这会儿的功夫,段云听已经将饭菜抢过去大口大口的吃了起来。
狱卒没理会她,转身走到一边去喝酒吃肉,好不快活。
段云筱还想再闹,段母拉着她道:“先吃饭吧。”
此时段云筱确实饿了,也顾不上脏不脏,直接用手抓着吃。
他们刚吃完,秦公公便带着圣旨来了:“罪臣段国铨、段云听……接旨!”
段家人还以为秦公公是来救他们的,立即跪了下来:“臣等接旨!”
“奉天承运皇帝诏曰,段氏一族勾结胡人,结党营私……数罪并罚,处以斩立决!”
秦公公阴阳顿挫的念完圣旨,所有人都傻眼了。
段云筱只觉得浑身发凉:“不,我不想死,我不想死啊。
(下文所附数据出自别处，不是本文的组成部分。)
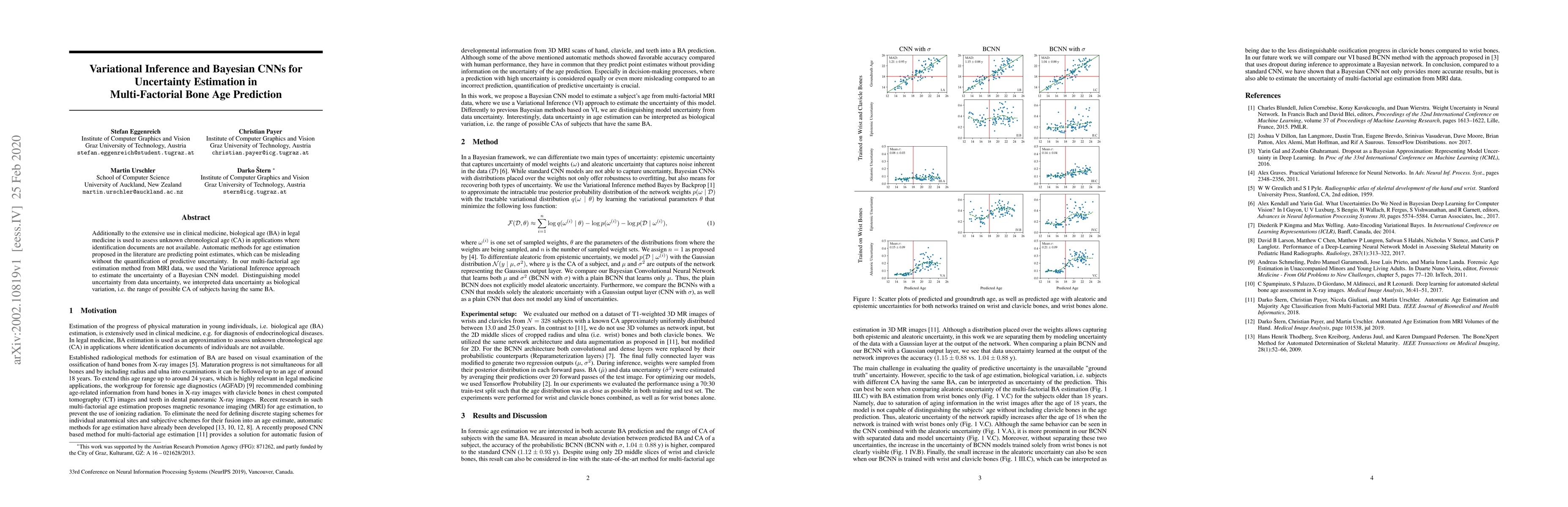 Additionally to the extensive use in clinical medicine, biological age (BA) in legal medicine is used to assess unknown chronological age (CA) in applications where identification documents are not available. Automatic methods for age estimation proposed in the literature are predicting point estimates, which can be misleading without the quantification of predictive uncertainty. In our multi-factorial age estimation method from MRI data, we used the Variational Inference approach to estimate the uncertainty of a Bayesian CNN model. Distinguishing model uncertainty from data uncertainty, we interpreted data uncertainty as biological variation, i.e. the range of possible CA of subjects having the same BA.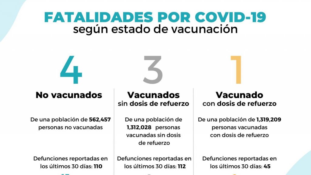 "Hoy se reportan ocho decesos a causa del Covid-19 y 82 personas hospitalizadas. La vacuna contra el Covid-19 ofrece mayor protección contra la enfermedad. Mantente al día, vacúnate con la dosis de refuerzo”, tuiteó hoy el Departamento de Salud.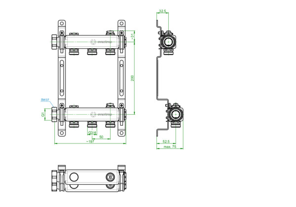 Anschlussgewinde Vor- und Rücklauf G 1 IG, Anschlussgewinde Heizkreise G 3/4 AG, Gehäusewerkstoff Edelstahl, Heizkreise nicht absperrbar, max. Betriebsdruck 10 bar, mit Wandhalterung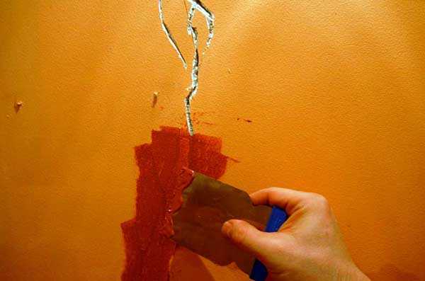 В первую очередь заделывают выемки и трещины. Сначала углом шпателя трещины расширяются, удаляя все, что может отвалиться. Затем их покрывают грунтовкой (окунуть кисть в состав и хорошо смочить) и после ее высыхания наносят шпаклевку, выравнивая ее с плоскостью стены.

”
半个月前她还在想着要嫁给什么样的男子,谁曾想现在她就要死了。
她真的不想死啊。
段父和段母更是两眼一翻晕了过去。
段云听连忙开口:“秦公公,臣想再见公主殿下一面,还请秦公公行个方便。”
秦公公将圣旨收好,假装没听到段云听的话:“段大人,驸马爷,走好。”
说罢他头也不回的离开,段云听绝望的大喊:“秦公公,求求您通报一声吧!”
他怎么也没想到,自己竟然会是这样的结局。
结果不该是这样的,到底是哪里出了问题呢?
段云听想破脑袋也想不明白,明明他们的计划一直很顺利,为何还是逃不掉这样的结果?
无人解答他的疑惑。
引出了余枭之后,宁锦鸢将从段国铨手中得到的玉簪送到盛元帝的面前:“父皇,此玉簪乃是段国铨交代儿臣前去与接头人相见的信物,儿臣也查过这玉簪的来历,不过也只查到一些皮毛。”
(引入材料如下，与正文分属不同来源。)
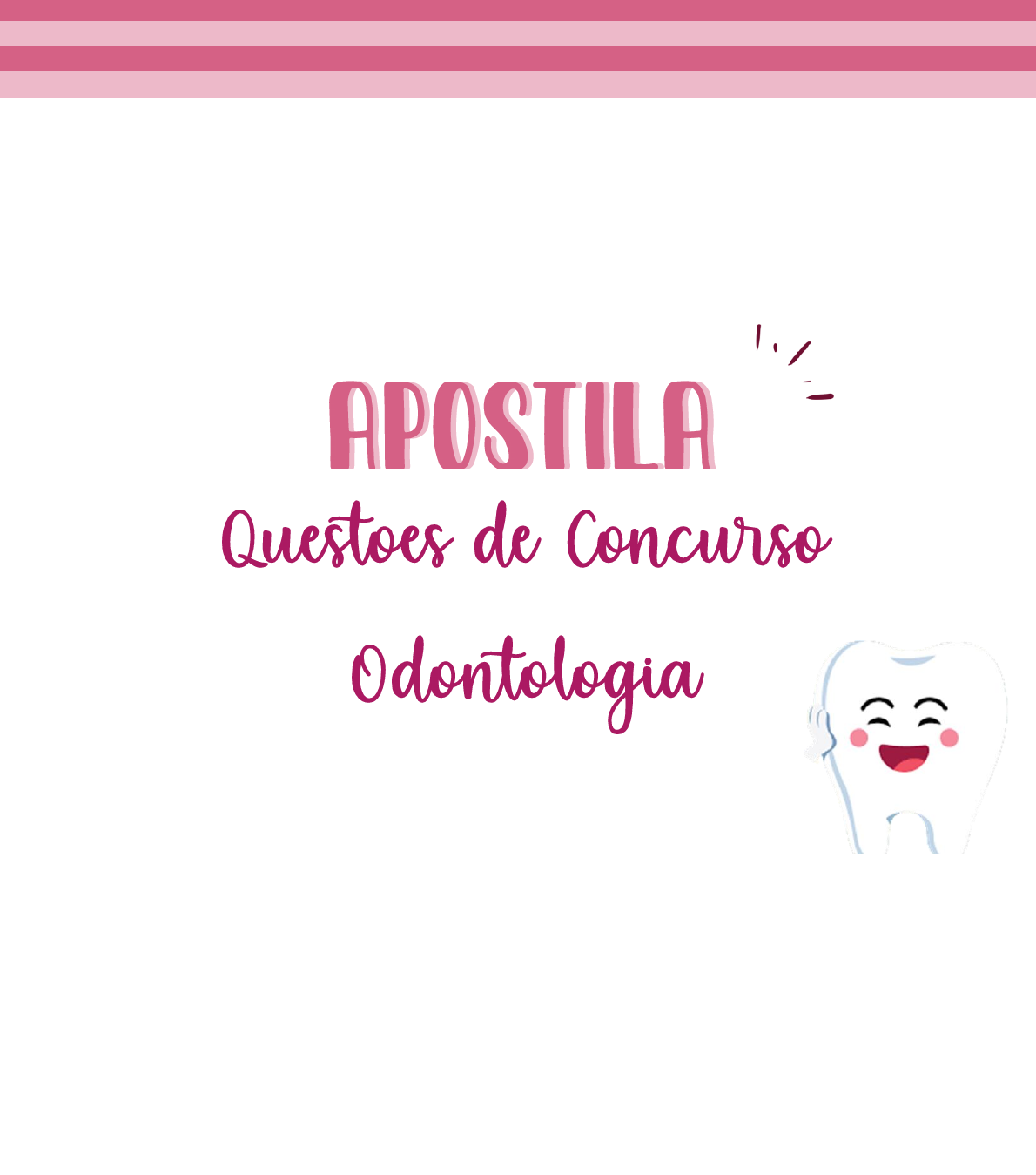 Por: Thainara Almeida | @dra.sorrisinho Essa apostila foi criada por Thainara Almeida, criadora da página dra.sorrisinho, fico feliz que tenha adquirido essa apostila com questões de concurso da área de Odontologia onde irei abordar questões das disciplinas abaixo! Lembrando que ao final da apostila encontra-se o gabarito com as respostas das questões... Cirurgia oral Dentística Endodontia Odontopediatria Implantodontia Farmacologia Periodontia Anestesiologia Prótese Oclusão Casos Clínicos Ortodontia Patologia Odontologia Hospitalar Materiais Odontológicos 1 - Paciente de 72 anos de idade foi encaminhado ao Cirurgião Bucomaxilofacial após queda da própria altura. Ao exame clínico, foi identificado ferimento corto-contuso na região mentual e mordida aberta anterior. Com base nessas informações, o diagnóstico é de uma fratura a) sínfise mandibular b) bilateral de côndilo. c) ângulo mandibular bilateral d) bilateral de mandíbula próxima à região dos forames mentuais. 2 - De acordo com a análise dentária, pode-se estimar a maior ou menor probabilidade de um dente ser de uma pessoa do sexo masculino ou do feminino. A esse respeito, o grupo dentário que apresenta características morfológicas de maior relevância na distinção entre o sexo masculino e feminino é o de: a) caninos. b) pré-molares. c) terceiros molares. d) molares inferiores. e) incisivos superiores. 3 - Os materiais odontológicos com maior potencial anticárie são classificados como cimentos de ionômero de vidro e cimentos de ionômero de vidro modificados por resina, que apresentam a) retenção maior que os selantes resinosos, com evidência por meio de estudos clínicos controlados randomizados da superioridade dos selantes resinosos. b) indicação no tratamento preventivo da cárie dentária conhecida como ART (Tratamento Restaurador Atraumático). c) eficácia na prevenção da iniciação e progressão da cárie dentária quando utilizados como selantes de fossas e fissuras. d) indicação na colagem de aparelhos ortodônticos para indivíduos com baixo risco de cárie dentária, apesar da qualidade estética desfavorável. e) retenção menor que os selantes resinosos, com evidência por meio de estudos clínicos controlados randomizados da superioridade dos selantes fluoretados. 4 - A presença de lesões cervicais cavitadas nos dentes 11 e 13 requer a) acompanhamento clínico e radiográfico. b) controle da cárie sem restauração. c) remineralização das lesões com flúor fosfato acidulado. d) preparo cavitário limitado à remoção do tecido cariado e) preparo cavitário com extensão de prevenção. 5 - Paciente do gênero masculino, leucoderma, 42 anos de idade, portador do vírus HIV e com interrupção de tratamento de coquetel retroviral, relata alteração em ?céu da boca há aproximadamente 20 dias? e que possui sabor ?estranho/desagradável?, às vezes tem sensação de queimação. Apresenta na região de palato duro e mole, membrana branca a branco-amarelada que é removida por raspagem e apresenta em mucosa subjacente área eritematosa irregular. O quadro clínico descrito relaciona-se com a hipótese de diagnóstico de a) Líquen plano erosivo. b) Candidíase hiperplásica c) Candidíase pseudomembranosa. d) Estomatite nicotínica. e) Hiperplasia fibrosa inflamatória papilomatosa. 6 - Paciente com 32 anos de idade, sexo feminino, apresenta pequena tumefação no lado direito da face e queixa de dor acentuada no dente 17. No momento do exame, a paciente encontra-se febril e refere mal-estar geral. Durante a anamnese, verifica-se histórico de alergia às penicilinas e a gravidade de sua infecção é considerada moderada. O exame clínico mostra mobilidade do dente 17 e forte sensibilidade à percussão e palpação. O aspecto radiográfico da área periapical mostra áreas radiolúcidas amplas. O quadro clínico descrito é compatível com o diagnóstico de a) angina de Ludwig. b) abscesso apical agudo. c) pericementite apical crônica. d) pericoronarite. e) granuloma apical. 7 - As lesões fundamentais são alterações morfológicas que ocorrem na mucosa bucal e assumem características próprias. Dentre as alternativas a seguir, assinale a que descreve corretamente uma bolha: a) São elevações circunscritas contendo liquido em seu interior com diâmetro maior que 3mm b) São elevações superficiais circunscritas com diâmetro menor que 3mm e de conteúdo sólido c) São elevações circunscritas contendo liquido em seu interior e não ultrapassando 3mm d) São elevações superficiais circunscritas com diâmetro maior que 3mm e de conteúdo sólido e) São elevações superficiais irregulares contendo liquido em seu interior com diâmetro maior que 3mm 8 – Paciente com 32 anos de idade, sexo feminino, apresenta pequena tumefação no lado direito da face e queixa de dor acentuada no dente 17. No momento do exame, a paciente encontra-se febril e refere mal-estar geral. Durante a anamnese, verifica-se histórico de alergia às penicilinas e a gravidade de sua infecção é considerada moderada. O exame clínico mostra mobilidade do dente 17 e forte sensibilidade à percussão e palpação. O aspecto radiográfico da área periapical mostra áreas radiolúcidas amplas. Recomenda-se a prescrição de: a) clavulanato de potássio 125 mg. b) amoxicilina 1 g. c) amoxicilina suspensão 250 mg/5 mL. d) estearato de eritromicina 1 g. e) clindamicina 600 mg. 9 - A endocardite infecciosa é uma infecção, geralmente bacteriana, da superfície endocárdica do coração. A profilaxia antibiótica é indicada antes de procedimentos odontológicos, como antes de realizar a) anestesias por técnicas de rotina (exceto a intraligamentar) através de tecidos não infectados. b) exodontia de dentes permanentes por indicação ortodôntica. c) radiografias odontológicas. d) colocação de aparelhos protéticos e ortodônticos removíveis. e) esfoliação de dentes decíduos.

盛元帝接过玉簪端详片刻,将玉簪放回盒子里:“朕也看不出来,不过朕已经让人去胡国找工匠,他们必定清楚玉簪的来历。”
“父皇英明。”
不多时工匠便被带了进来,他战战兢兢的行了礼之后,哆哆嗦嗦的跪在原地:“陛……陛下,小人就是个做生意的,什么都不知道。”
盛元帝无意为难他,动了动下巴,秦公公立即将盒子拿到工匠面前:“你且看看这玉簪,有何特别之处。”
工匠小心的看了盛元帝一眼,确定他没有杀自己的打算之后,这才拿起玉簪认真的研究起来。
片刻之后他忽然惊呼道:“我知道了,这玉簪乃是胡国皇室玉簪!”
“您请看,这玉簪的花蕊处有一个凸起,这凸起便是胡国皇室独有的印记。”
秦公公凑过去一看,果真是他说的这般。
他重新将玉簪呈到盛元帝面前:“陛下,您且看这里。”
盛元帝也看到了那处凸起,看来这玉簪来历不小,就是不知道这玉簪的主人到底是谁。